Поэтому Август мог называть историка Ливия «помпеянцем»; что не означало упрёка и не воспринималось как таковой82. Никоим образом. Ливий ценил вождей партии Катона, защитников Свободы (Libertas); и он великодушно писал о Помпее, защищая его память от нападок Саллюстия. Август и Ливий — оба помпеянцы, но фальшивые. Но в эпоху Августа всё ещё существовали истинные помпеянцы, помнившие об узах личной верности либо всему дому Помпеев, либо делу, названному по его имени, порядочные люди, ценившие верность (fides) и благочестие (pietas). Язвительный оратор Лабиен был одним из них. Другим был Тиберий Клавдий Нерон (консул 13 г. до н. э., консул во второй раз в 7 г. до н. э.). Последствия его возвращения к власти в 4 г. н. э. вскоре проявились в консульских Фастах, в которых наряду с группой имён новых людей (novi homines) появились и имена выдающихся семей, ранее поддерживавших Помпея83.

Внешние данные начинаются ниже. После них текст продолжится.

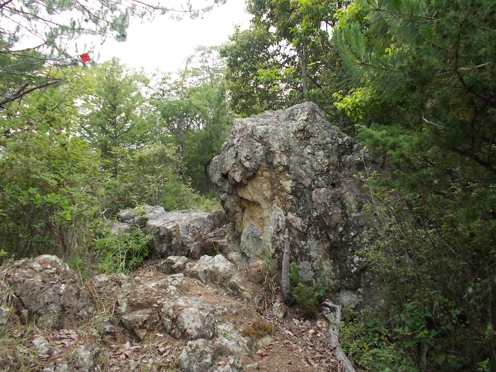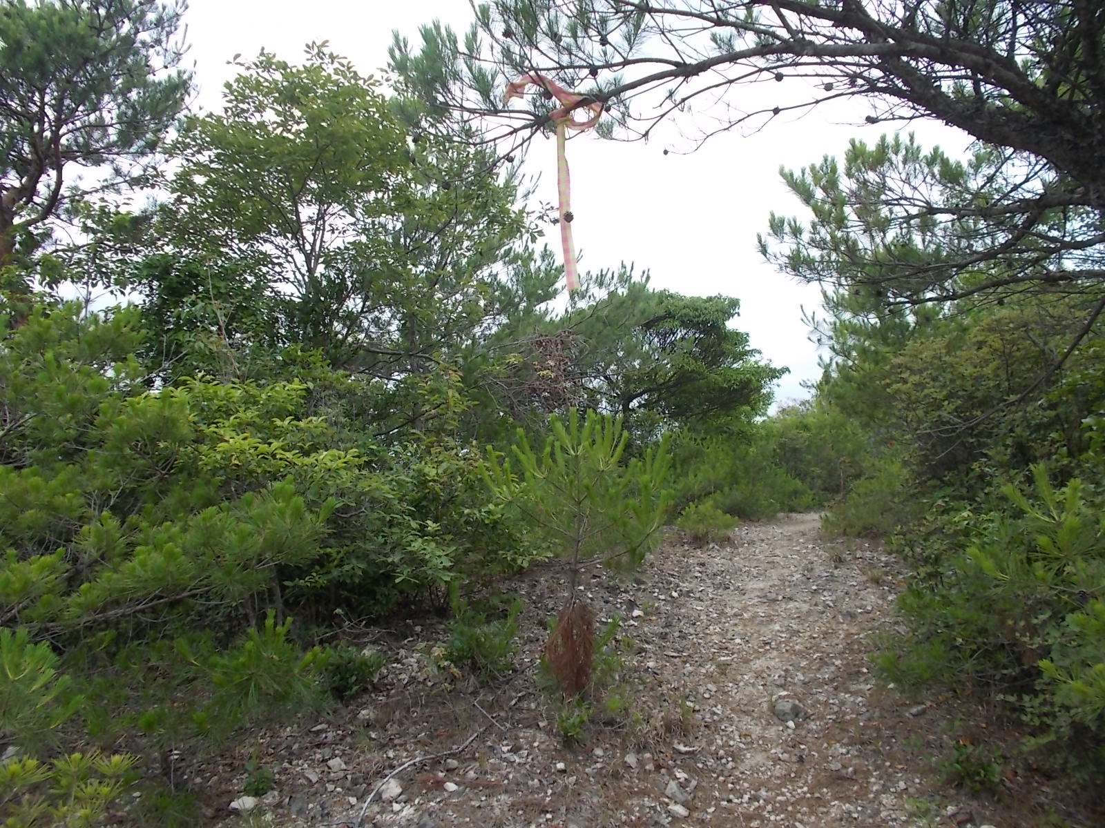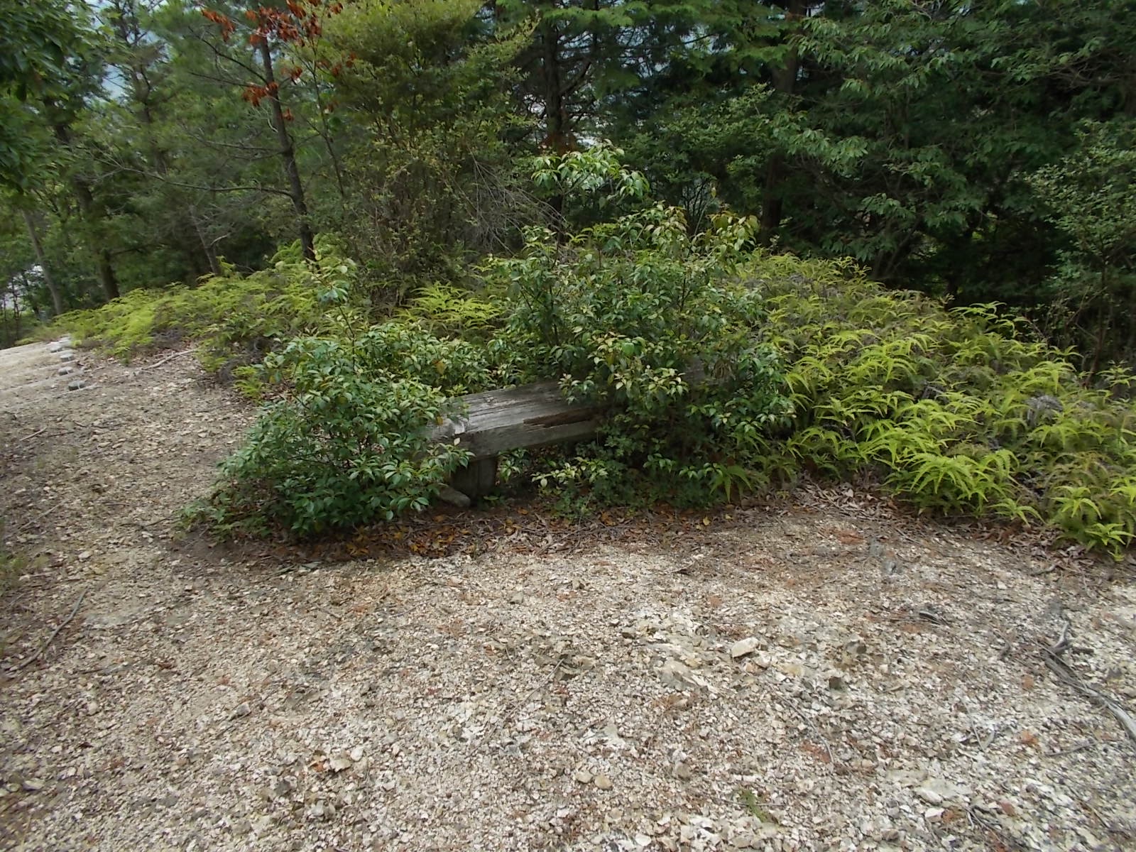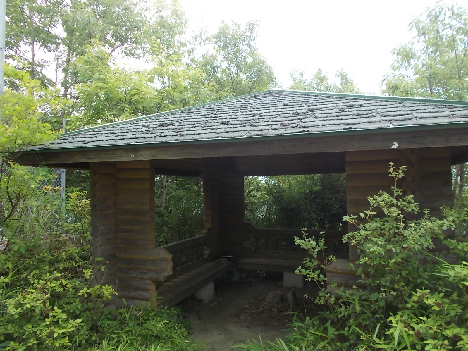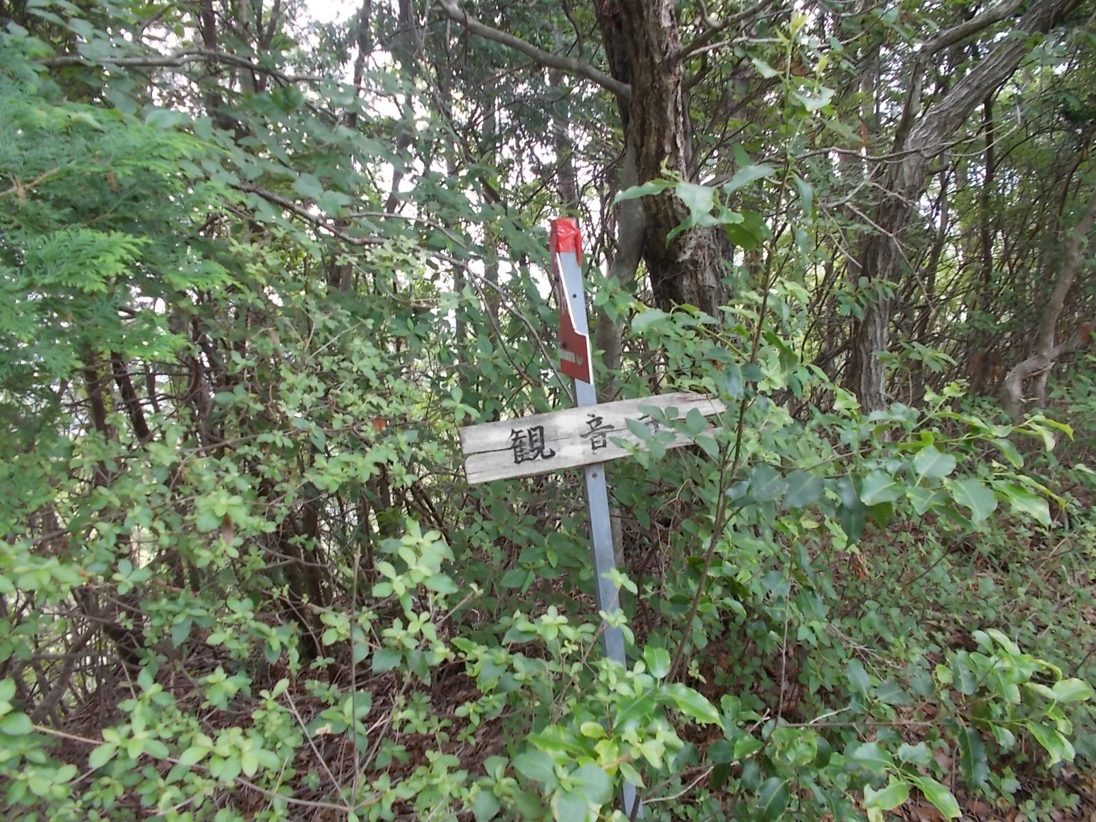 山頂には東屋がありますが、周りは木で囲まれてしまって暗くてさっぱりです。

Подведём итоги. Гипотеза о том, что мнимый перебежчик был старым соратником Помпея, не только объясняет его поведение, когда ему пришлось выбирать между Цезарем и Помпеем и освещает ранний этап его карьеры в качестве трибуна в год консульства Цицерона, но и даёт подтверждение, если оно потребуется, базовой важности патроната и уз личной преданности, верности (fides) и дружбы (amicitia) в римской политической жизни.
ПРИМЕЧАНИЯ
Эдкок высказывает дополнительное и весьма соблазнительное предположение: Лабиен возмутился продвижением Марка Антония (Adcock E. From the Conference of Luca to the Rubicon // CAH. Vol. 9. Cambridge, 1932. P. 635). Этот молодой нобиль командовал войском в 52 г. и 51 г.; а в 50 г. Цезарь агитировал в Цизальпине за то, чтобы Марка Антония избрали авгуром (BG. VIII. 50).